ESGE does not recommend systematic surveillance in these patients but an upper endoscopy with gastric mapping or noninvasive tests for the presence of H. pylori could be useful, in particular for the detection of associated autoimmune gastritis.
Immunosuppressive therapies Regarding the risk of GC in patients receiving immunosuppressive therapies, the scarce data available in the literature do not allow provision of specific recommendations on surveillance in this context [419] [420] [421] [422]. Most of the studies are retrospective and concern mainly transplant recipients and their risk of malignancies in general, rather than specifically focusing on GC [423] [424] [425] [426] [427] [428] [429] [430].

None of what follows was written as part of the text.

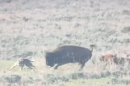 Watch a Mother Bison Defend Her Newborn Calf from a Pack of Wolves in Yellowstone

According to certain studies, patients who received renal transplants had a higher incidence of GC than the overall population. As a result, the authors suggested regular endoscopic surveillance [423] [424]. A meta-analysis showed that the incidence of GC (among other types of cancers) is significantly increased in patients with a diagnosis of HIV/AIDS and who underwent transplants, underlining the importance of immunosuppression in the development of malignancies [430]. Nevertheless, the paucity and the weakness of the supporting data do not allow definition of a standardized surveillance program.
Undoubtedly, further studies are needed to better understand the correlation between immunosuppressive therapy and the risk of GC.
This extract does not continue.